*DATASET CONTENT:*
==============================

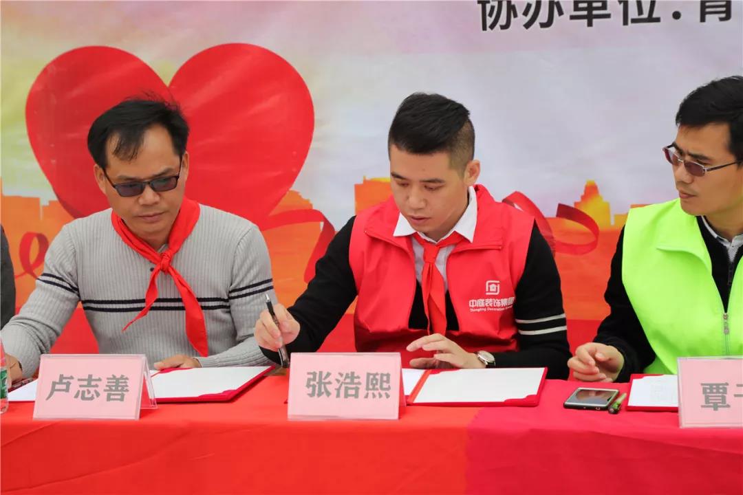 ▲集團(tuán)副總裁張浩熙與天馬村村委代表、天馬小學(xué)校長簽署建立教育扶貧共建單位協(xié)議
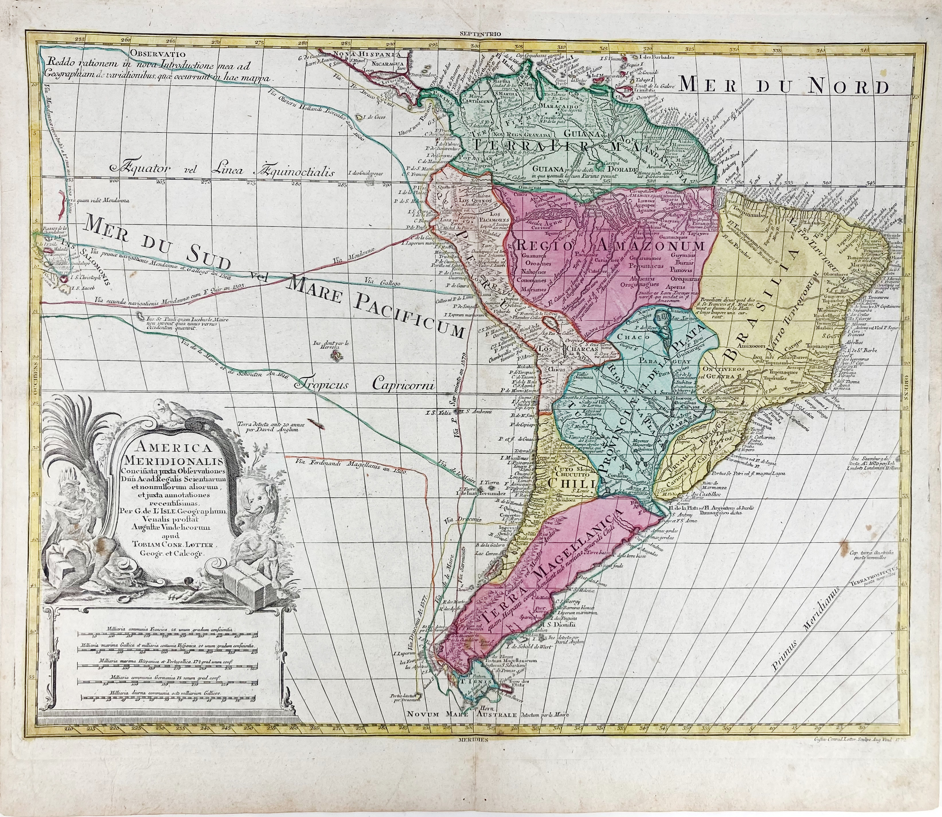 SOUTH AMERICA -- "AMERICA MERIDIONALIS". Augsburg, T.C. Lotter, 1772. Engr. map in cont. colouring w. large title cartouche. 490 x 600 mm. (A bit age-toned, small brown spots in right lower corner, but in fair condition). -- Added: "L'AMERIQUE selon l'etendue de ses principales parties (…)". Augsburg, M. Will, n.d. (c. 1810). Handsomely cold. engr. map of South America w. large title cartouche. 498 x 590 mm. (Some small annot. in ink added in the image in places). -- (2).
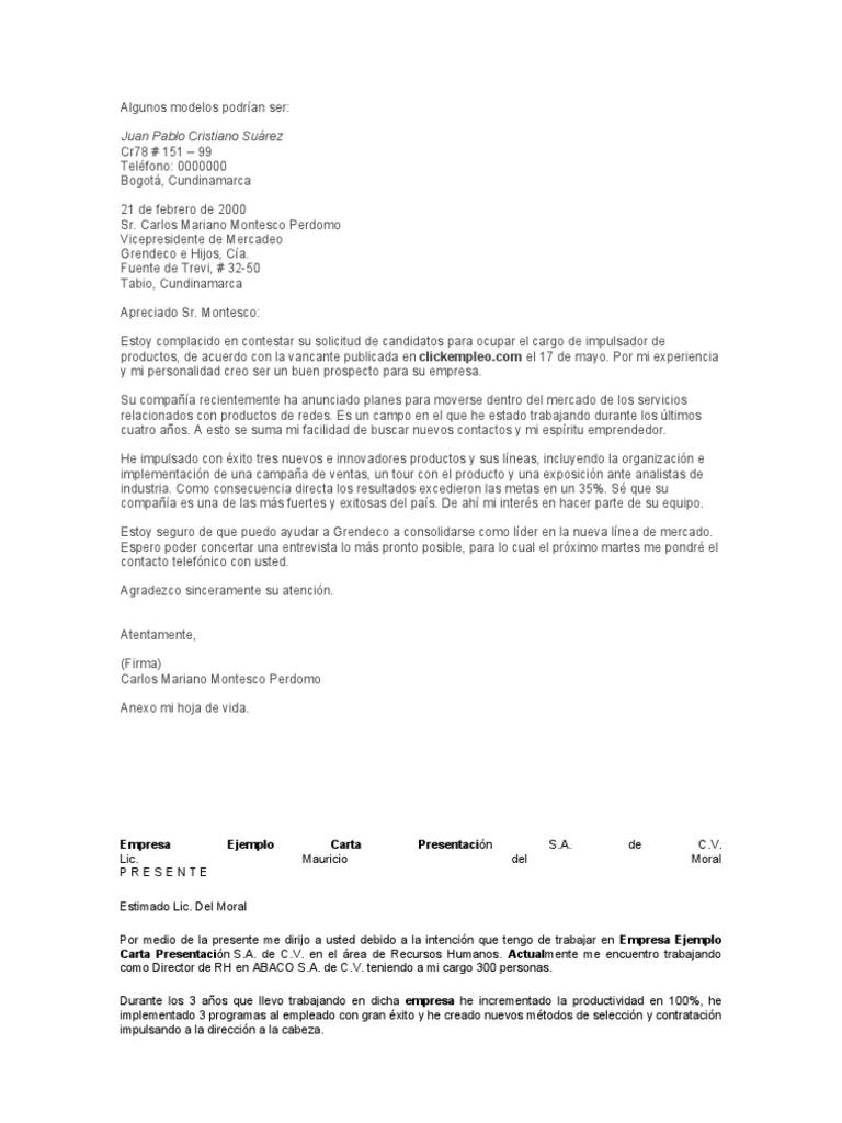 Ejemplo de pretensión salarial. Carta de presentacion y pretension salarial faboce. Podemos decir que existen dos grandes tipos de carta de presentación. A 22 de febrero del 2013.

==============================

*PROBLEM DESCRIPTION:* Could you return the whole listing exactly, with every picture removed?

*RESPONSE:*
 ▲集團(tuán)副總裁張浩熙與天馬村村委代表、天馬小學(xué)校長簽署建立教育扶貧共建單位協(xié)議
 SOUTH AMERICA -- "AMERICA MERIDIONALIS". Augsburg, T.C. Lotter, 1772. Engr. map in cont. colouring w. large title cartouche. 490 x 600 mm. (A bit age-toned, small brown spots in right lower corner, but in fair condition). -- Added: "L'AMERIQUE selon l'etendue de ses principales parties (…)". Augsburg, M. Will, n.d. (c. 1810). Handsomely cold. engr. map of South America w. large title cartouche. 498 x 590 mm. (Some small annot. in ink added in the image in places). -- (2).
 Ejemplo de pretensión salarial. Carta de presentacion y pretension salarial faboce. Podemos decir que existen dos grandes tipos de carta de presentación. A 22 de febrero del 2013.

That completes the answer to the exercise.